• _PROBLEM TO SOLVE_:
From the line containing "3.自転車=仏スポーツ相、ツール・ド・フランス開催は保証できない (5/6付 ロイター)" through the last line of the records below, each line is to be repeated exactly; pictures are to be omitted.
===== RECORDED INFORMATION
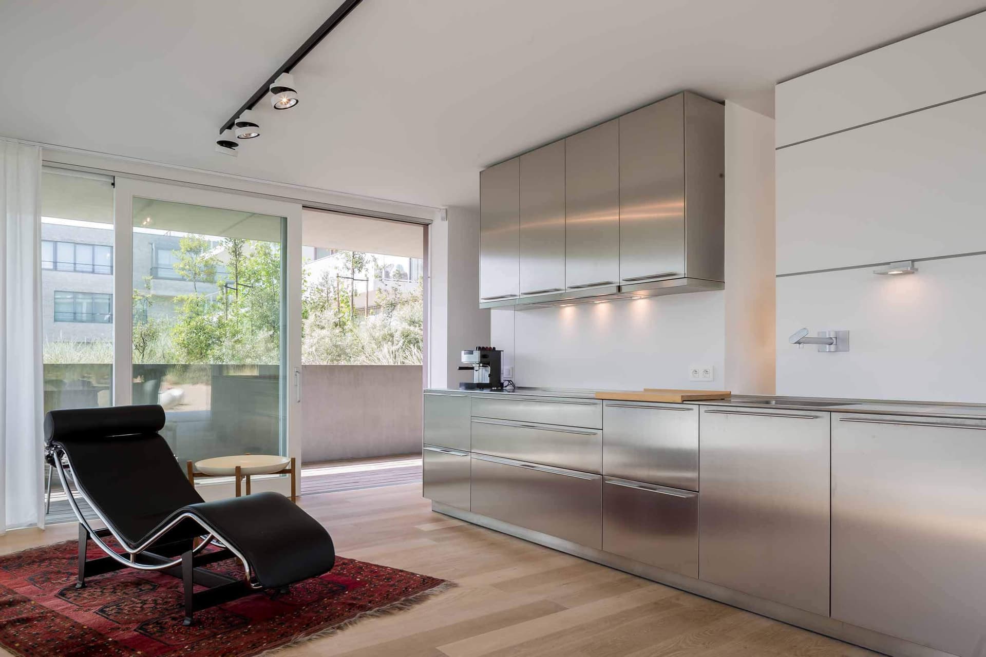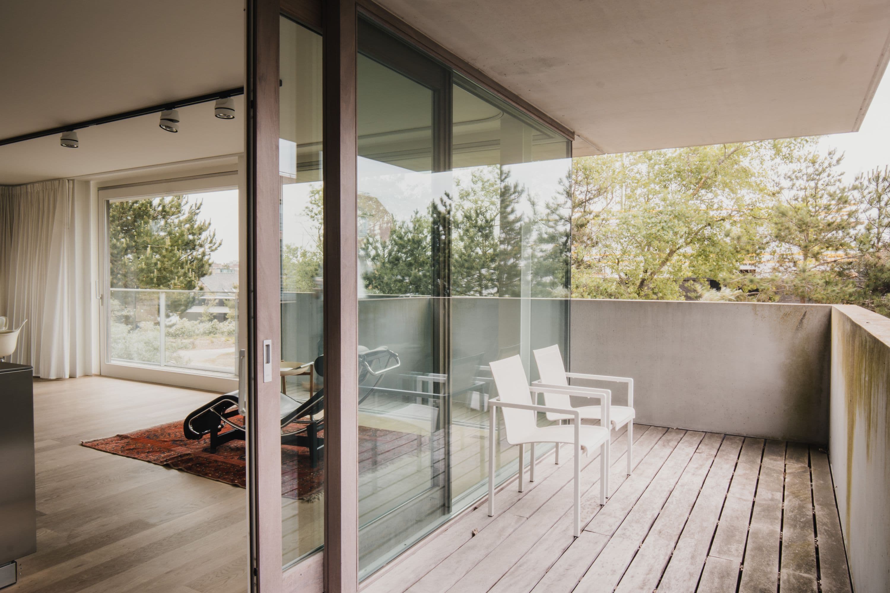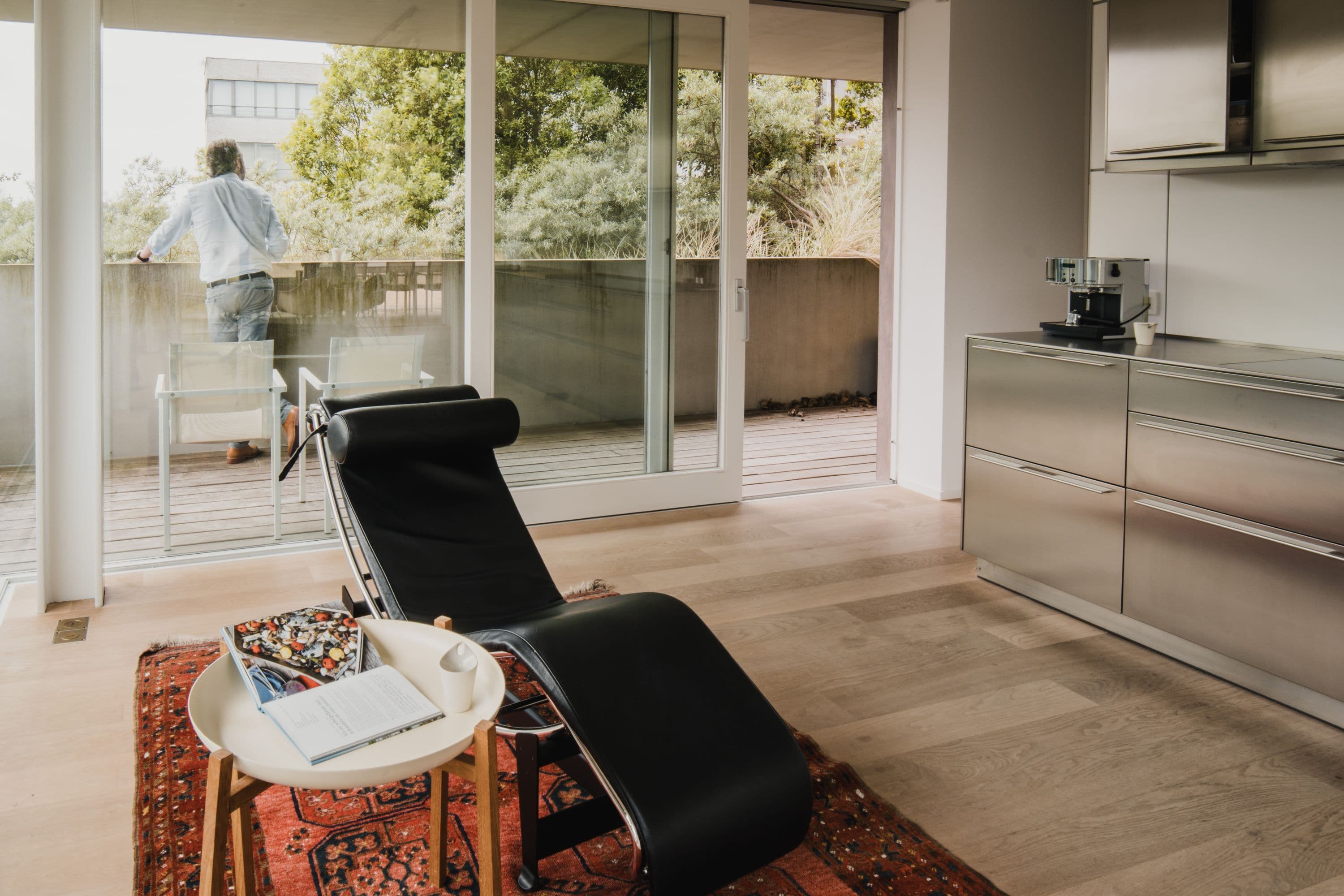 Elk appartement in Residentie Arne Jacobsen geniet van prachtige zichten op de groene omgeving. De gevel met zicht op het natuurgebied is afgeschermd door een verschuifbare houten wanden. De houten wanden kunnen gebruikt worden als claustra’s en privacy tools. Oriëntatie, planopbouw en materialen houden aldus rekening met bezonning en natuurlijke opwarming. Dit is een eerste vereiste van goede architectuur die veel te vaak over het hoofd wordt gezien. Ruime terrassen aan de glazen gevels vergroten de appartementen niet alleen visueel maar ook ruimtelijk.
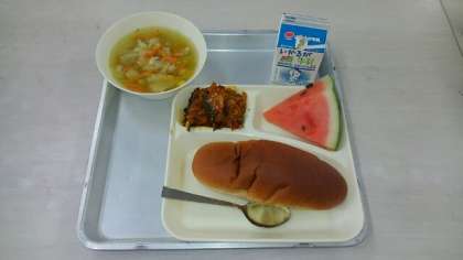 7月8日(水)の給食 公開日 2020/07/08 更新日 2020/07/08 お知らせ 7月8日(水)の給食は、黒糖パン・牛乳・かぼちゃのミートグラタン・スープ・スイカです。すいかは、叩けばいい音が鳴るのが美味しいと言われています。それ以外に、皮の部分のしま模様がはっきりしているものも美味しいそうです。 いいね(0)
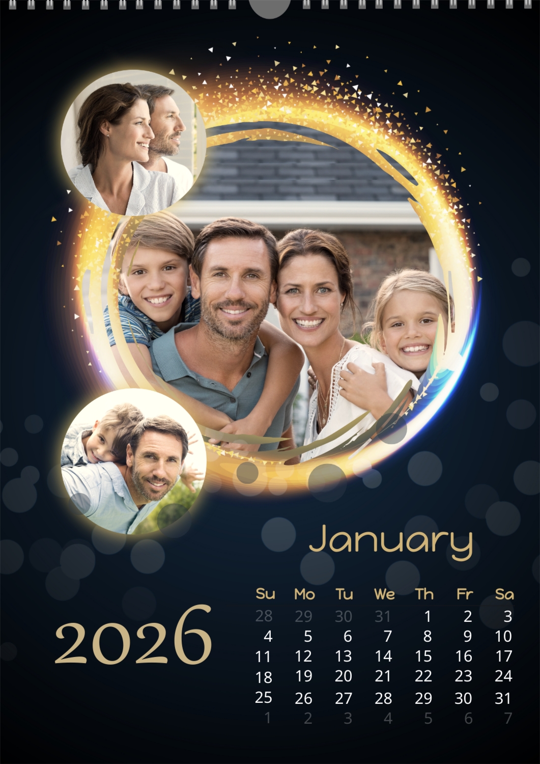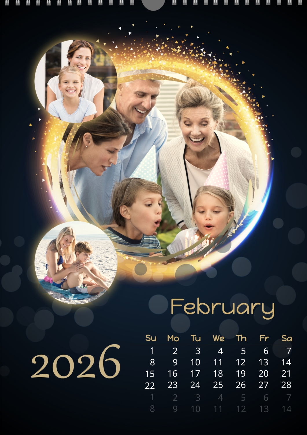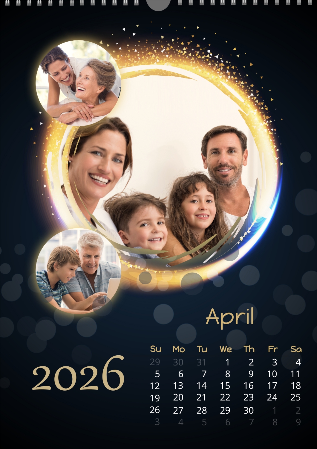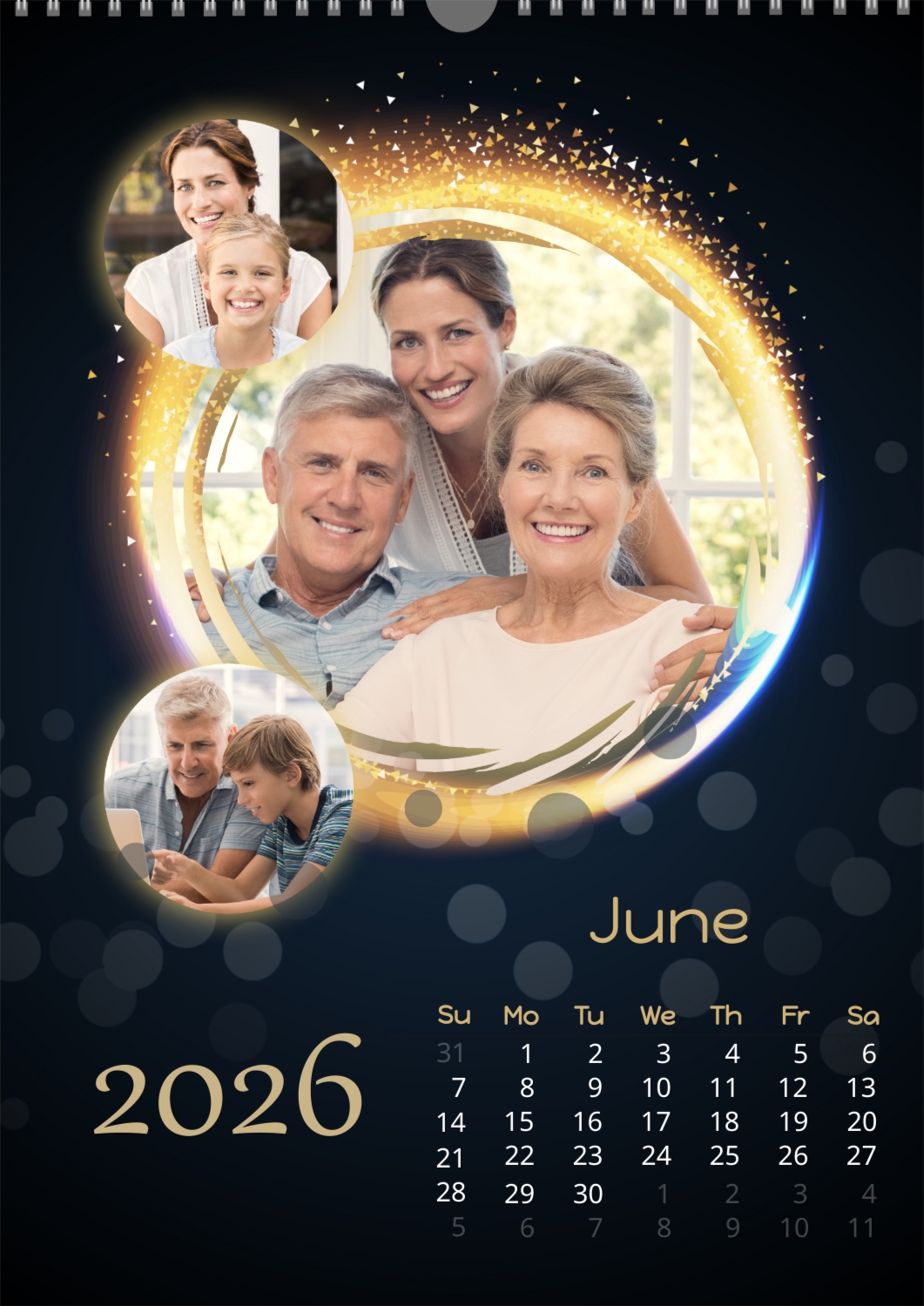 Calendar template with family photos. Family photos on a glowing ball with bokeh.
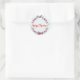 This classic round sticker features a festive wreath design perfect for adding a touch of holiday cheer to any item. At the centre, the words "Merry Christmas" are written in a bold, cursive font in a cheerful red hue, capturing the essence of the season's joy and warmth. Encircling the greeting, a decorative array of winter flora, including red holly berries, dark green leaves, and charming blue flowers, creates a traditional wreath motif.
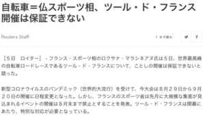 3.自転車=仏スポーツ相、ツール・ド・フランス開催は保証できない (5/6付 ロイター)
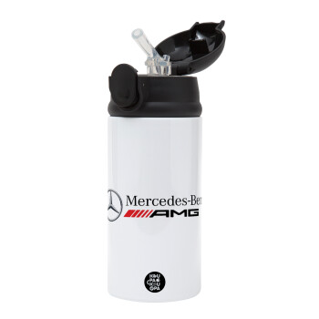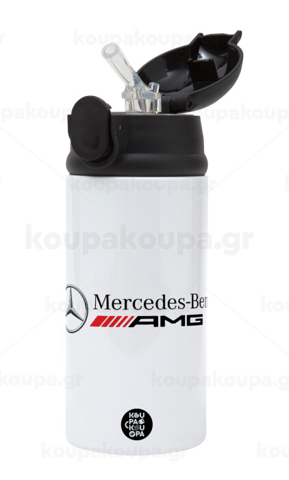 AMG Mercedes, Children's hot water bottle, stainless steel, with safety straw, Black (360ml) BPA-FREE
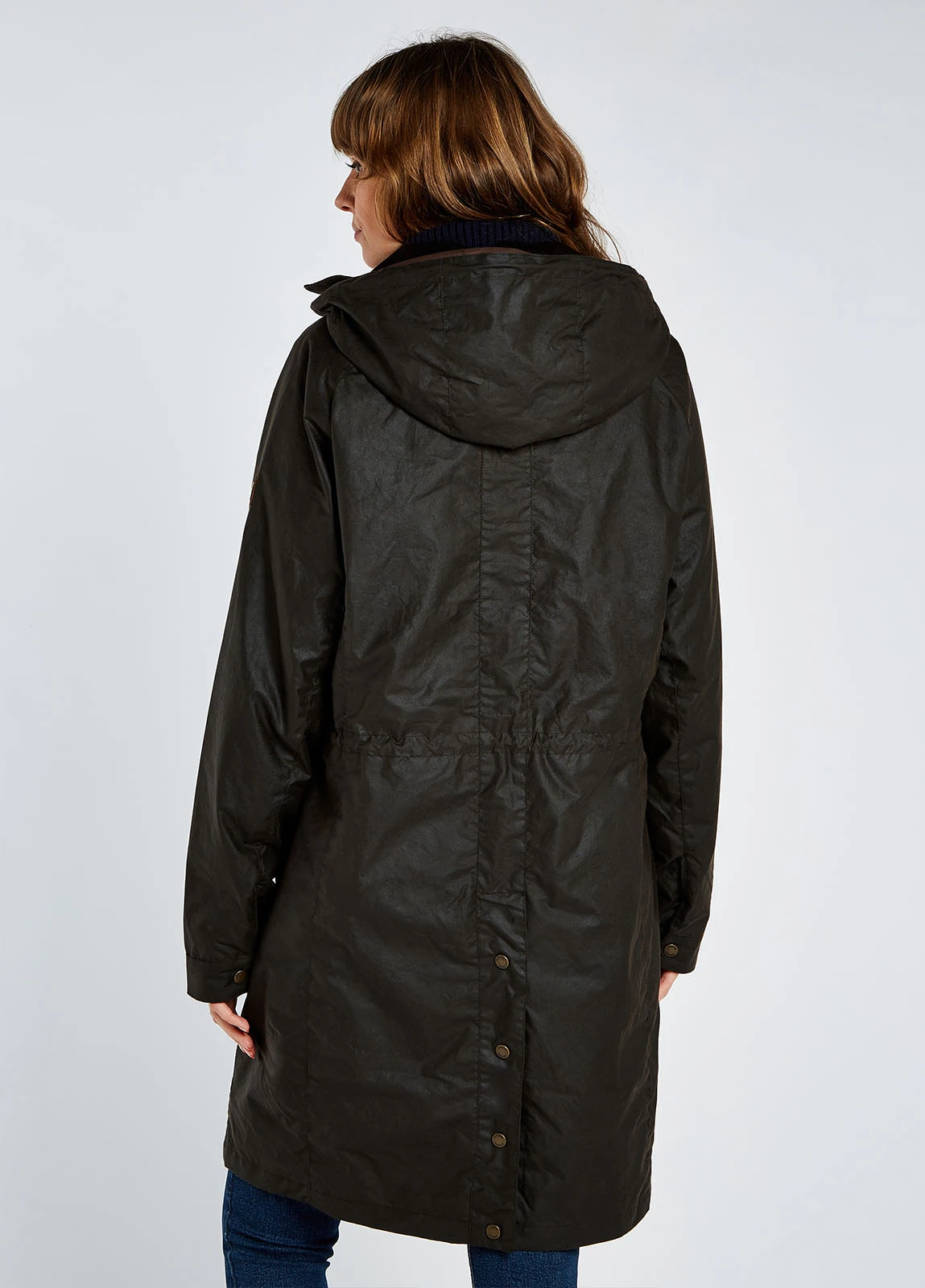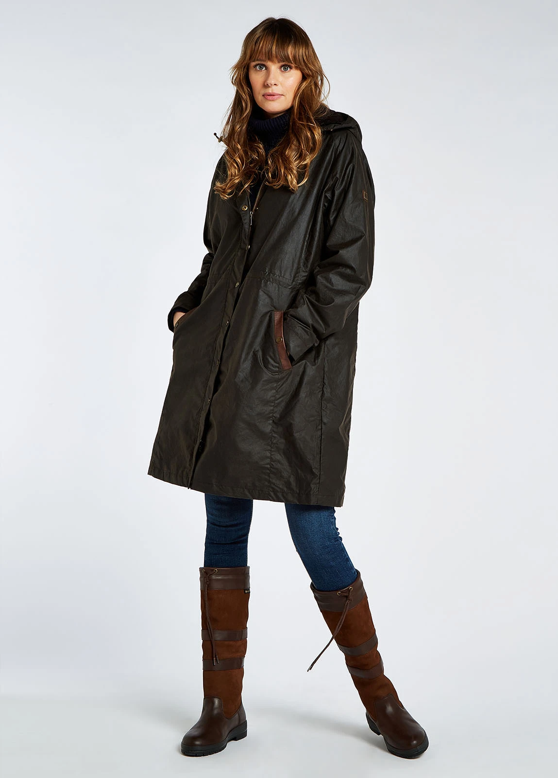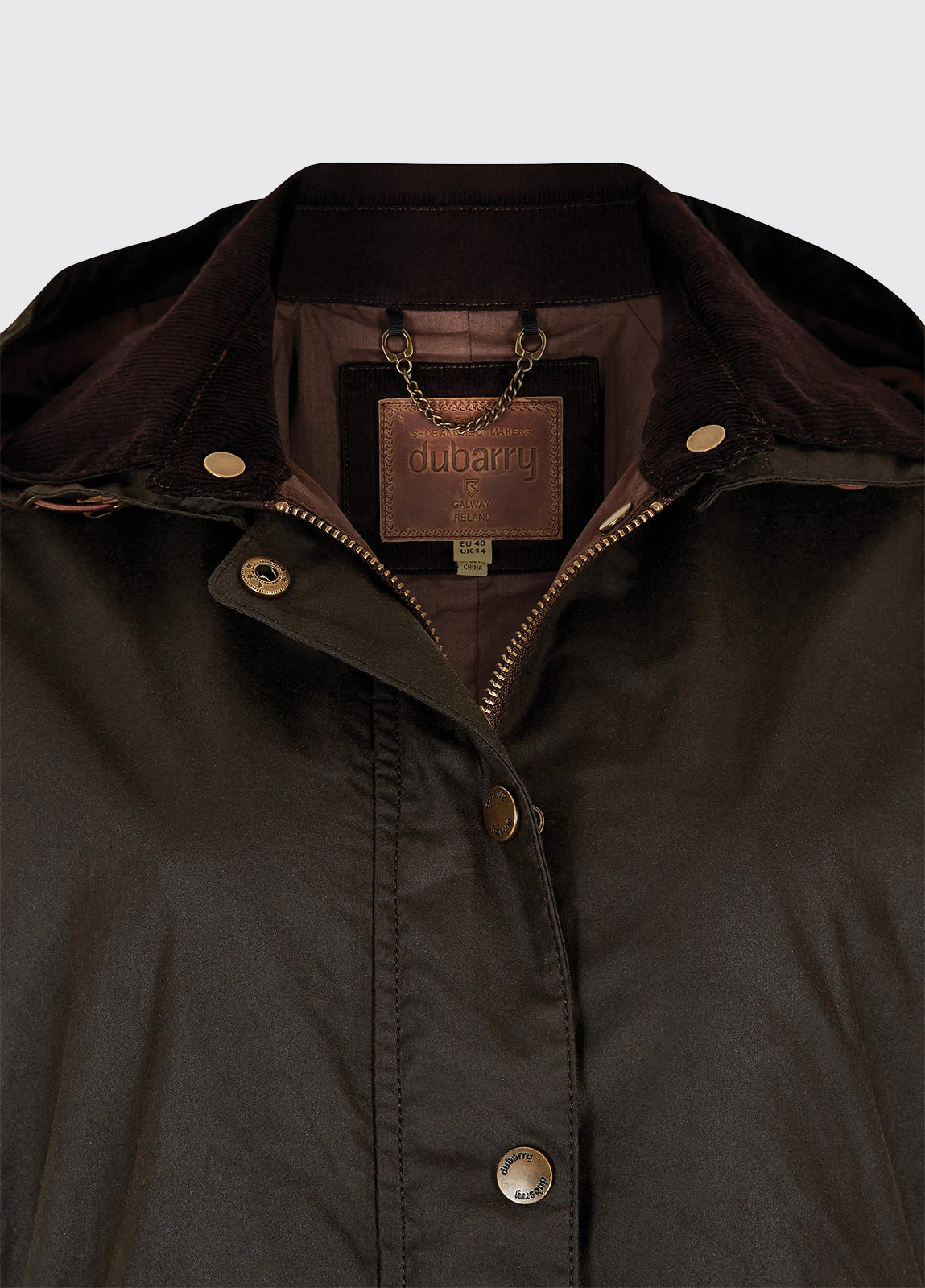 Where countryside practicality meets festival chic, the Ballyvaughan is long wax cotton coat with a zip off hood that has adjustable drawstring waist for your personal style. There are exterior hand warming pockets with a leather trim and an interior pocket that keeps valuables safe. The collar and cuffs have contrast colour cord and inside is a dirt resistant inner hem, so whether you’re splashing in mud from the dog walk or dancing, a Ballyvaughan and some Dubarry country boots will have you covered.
==========
• _SOLUTION TO THIS EXERCISE_:
 3.自転車=仏スポーツ相、ツール・ド・フランス開催は保証できない (5/6付 ロイター)
 AMG Mercedes, Children's hot water bottle, stainless steel, with safety straw, Black (360ml) BPA-FREE
 Where countryside practicality meets festival chic, the Ballyvaughan is long wax cotton coat with a zip off hood that has adjustable drawstring waist for your personal style. There are exterior hand warming pockets with a leather trim and an interior pocket that keeps valuables safe. The collar and cuffs have contrast colour cord and inside is a dirt resistant inner hem, so whether you’re splashing in mud from the dog walk or dancing, a Ballyvaughan and some Dubarry country boots will have you covered.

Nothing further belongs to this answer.